§ DATA FOR ANALYSIS:
━━━━━━━━━━━━━━━━

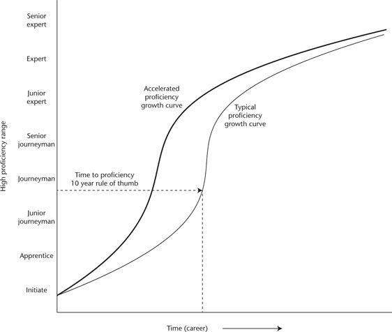他们审慎地得出结论,或许我们只能加速从高级学徒到初级熟手(或从高级熟手到初级专家)这一阶段的熟练度提升。他们展示了如下所示的理想化成长曲线:
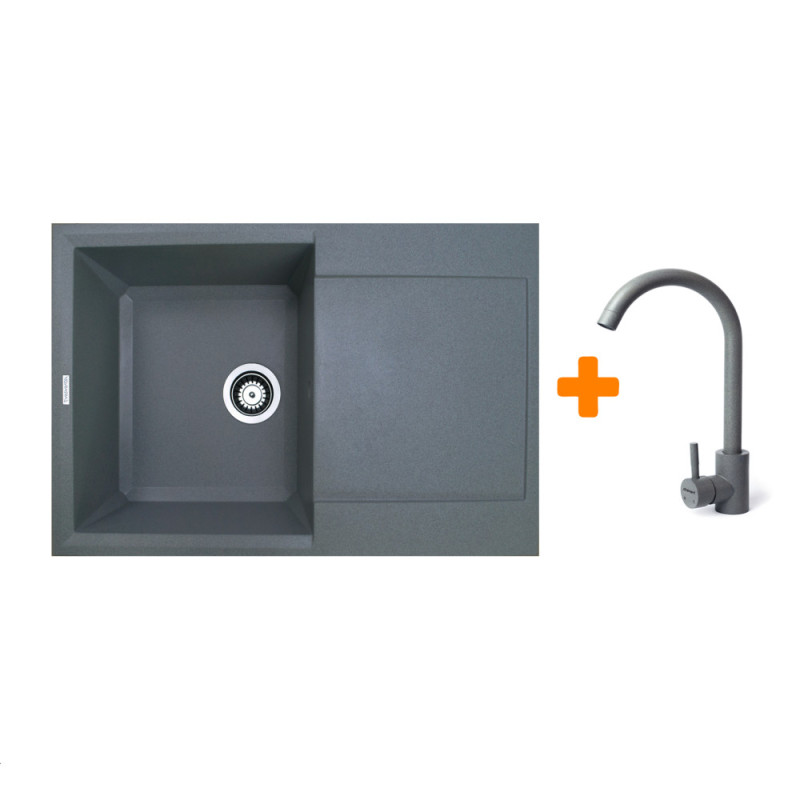 Adamant Набор кухонный Horizon, искуственный камень, прямоуг., с крылом, 780х495х230мм, чаша - 1, врезная, серый + смеситель (1824296911504)
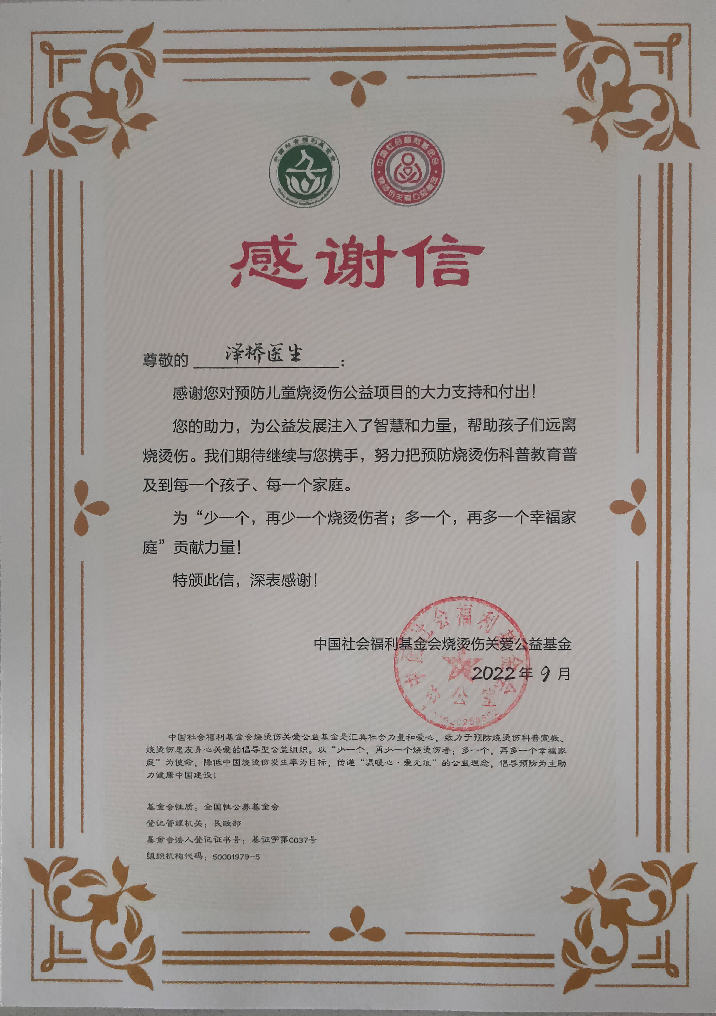 参与中国福利基金会烧伤关爱公益基金,助力自救科普宣传
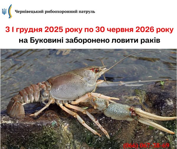 З 1 грудня 2025 по 30 червня 2026 року встановлюється заборона на вилов раків в рибогосподарських водних об’єктах у районі діяльності Чернівецького рибоохоронного патруля.
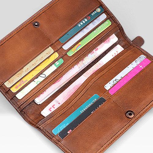 Slots:?2?full size bill slots,?16 card holders,? 1?change slot,?1 zipper slot
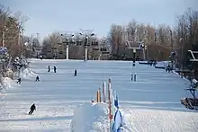 - 🌍 Ski Saint-Bruno, 550, rang des Vingt Cinq Est, ☏ +1 450-653-3441. Alpine ski centre (altitude: 175 m, with a vertical drop of 134 m) with 18 runs (100% lighted), with an hourly capacity of 17,080 skiers. This centre has six resurfacers and nine lifts. The ski area is 35 acres. It has approximately 1,000 employees, 100 volunteer patrollers and 100 volunteer ambassadors. Online store. School on snow. A magical course in the undergrowth takes skiers through the Enchanted Forest which features magical scenery and unique lighting in the evening.
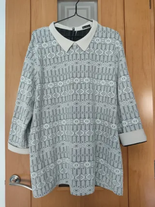 Camisa con un estampado geométrico en tonos grises y blancos. Presenta un cuello Peter Pan y mangas tres cuartos. Talla-xxl Gris crudo 55%algodón 50%poliester 5% elastan Fabricado en España

━━━━━━━━━━━━━━━━

§ TASK DESCRIPTION: Quote word for word only the lines above from the one containing "З 1 грудня 2025" through the one containing "Slots:?2?full size bill". Pictures stay out of your copy.

§ TASK SOLUTION:
 З 1 грудня 2025 по 30 червня 2026 року встановлюється заборона на вилов раків в рибогосподарських водних об’єктах у районі діяльності Чернівецького рибоохоронного патруля.
 Slots:?2?full size bill slots,?16 card holders,? 1?change slot,?1 zipper slot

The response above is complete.